Step	Hyp	Ref	Expression
1		riotaeqimp.j	. . . . 5 ⊢ 𝐽 = (℩𝑎 ∈ 𝑉 𝑌 = 𝐴)
2	1	eqcomi 2748	. . . 4 ⊢ (℩𝑎 ∈ 𝑉 𝑌 = 𝐴) = 𝐽
3	2	eqeq2i 2752	. . 3 ⊢ (𝐼 = (℩𝑎 ∈ 𝑉 𝑌 = 𝐴) ↔ 𝐼 = 𝐽)
4	3	bilanri 507	. 2 ⊢ ((𝜑 ∧ 𝐼 = 𝐽) → 𝐼 = (℩𝑎 ∈ 𝑉 𝑌 = 𝐴))
5		riotaeqimp.i	. . . . 5 ⊢ 𝐼 = (℩𝑎 ∈ 𝑉 𝑋 = 𝐴)
6	5	eqeq1i 2744	. . . 4 ⊢ (𝐼 = 𝐽 ↔ (℩𝑎 ∈ 𝑉 𝑋 = 𝐴) = 𝐽)
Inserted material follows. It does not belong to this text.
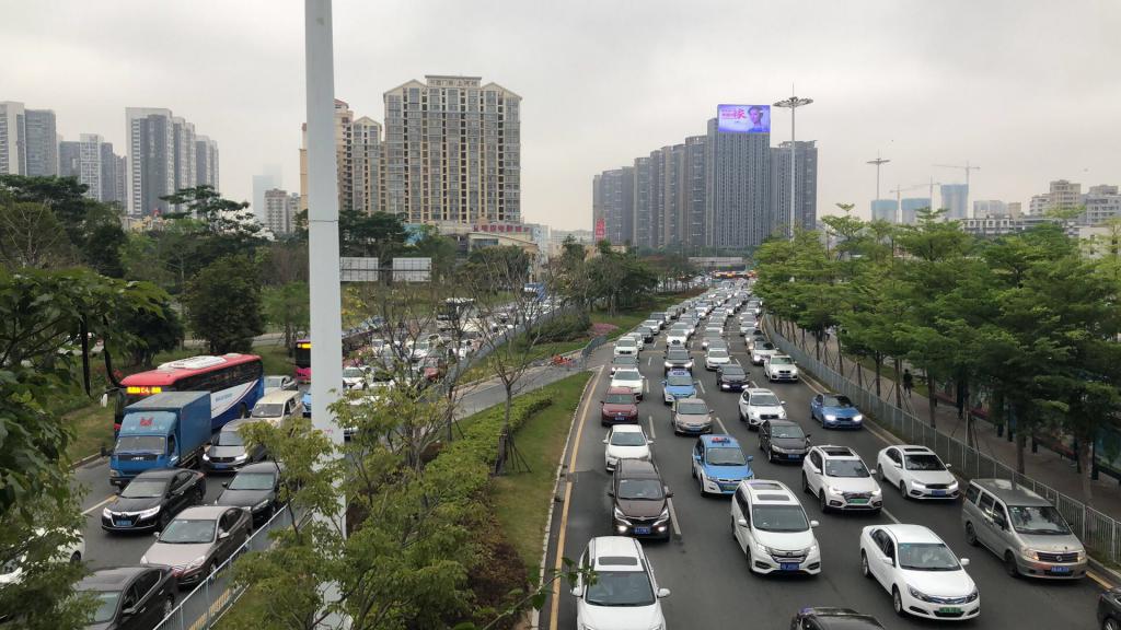 8時18分,深晚記者在民樂地鐵站附近的人行天橋上看到,此時梅林關(guān)雙方向車流量非常大,車輛一直處于走走停停的狀態(tài)。

7		riotaeqimp.y	. . . . . . 7 ⊢ (𝜑 → ∃!𝑎 ∈ 𝑉 𝑌 = 𝐴)
8		riotacl 7330	. . . . . . 7 ⊢ (∃!𝑎 ∈ 𝑉 𝑌 = 𝐴 → (℩𝑎 ∈ 𝑉 𝑌 = 𝐴) ∈ 𝑉)
9	7, 8	syl 17	. . . . . 6 ⊢ (𝜑 → (℩𝑎 ∈ 𝑉 𝑌 = 𝐴) ∈ 𝑉)
10	1, 9	eqeltrid 2843	. . . . 5 ⊢ (𝜑 → 𝐽 ∈ 𝑉)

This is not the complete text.